This project was made for the 2022 Rice University Datathon, a 24 hour data science challenge in teams of up to 4. With my team, we worked on a dataset of loan defaults and experimented with EDA, creating visuals, predicting loan default, and predicting interest rate.
In this project, we thoroughly worked through the data sceince pipeline, working through the following steps:
- Cleaning data
- EDA
- Creating visualizations
- Feature engineering
- Modeling
- Model Evalutation
The skills and models that we used in this project were:
- Logistic Regression
- SMOTE oversampling
- Linear Regression
- Random Forrest Regression
In the cleaning section, we had to deal with missing values in 13 columns. To handle this, we worked to understand the columns with missing values, and appropriately filled with the necessary fields. In many cases, the missing values were supplements for 0, or for some field (like 'Accepted' for denial_reason).
Heatmap of missing values after Cleaning
For the EDA portion, we focused on deeply understanding and visualizing the data in creative and significant ways. We started from the most general and broad visualizations and focussed in on specific relationships. Below are the visualizations we created:
we started with broadly looking at all correlations
we then started to get more specific and focus on fewer relationships
we then took a sample of the entire data set and looked at individual relationships
To model this data set, we first focused on predicting the acceptance of the loan.
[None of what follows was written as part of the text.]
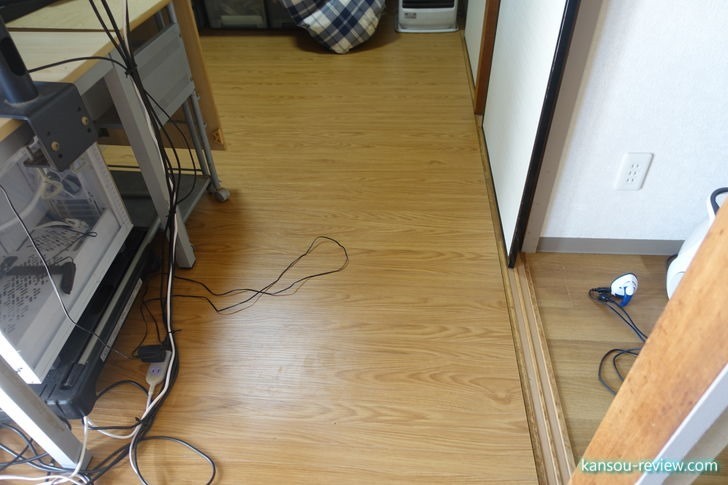 和室が見事洋室に変わりました。施行方法は前述したように、1枚の大きな板がくるくる丸まっている物を広げて敷くだけなので簡単ですが、部屋の中をいったん全部出さなければならないのは大変でした。特にPCなどを置いてある部屋で、配線も複雑だったので、そんぽバラシと復旧にだいぶ時間がが掛かってしまいました。

We used logistic regression for this task, producing the following results:
Because of the imbalance in the categories, we utilized SMOTE to try to even the imbalance.
After this, we moved to predicting interest rate, first using linear regression. We achieved a testing error of .97 using this model.
We finished our project by attempting to utilize random forrest regression to predict the interest rate. However, we didn't achieve any results better than our linear model.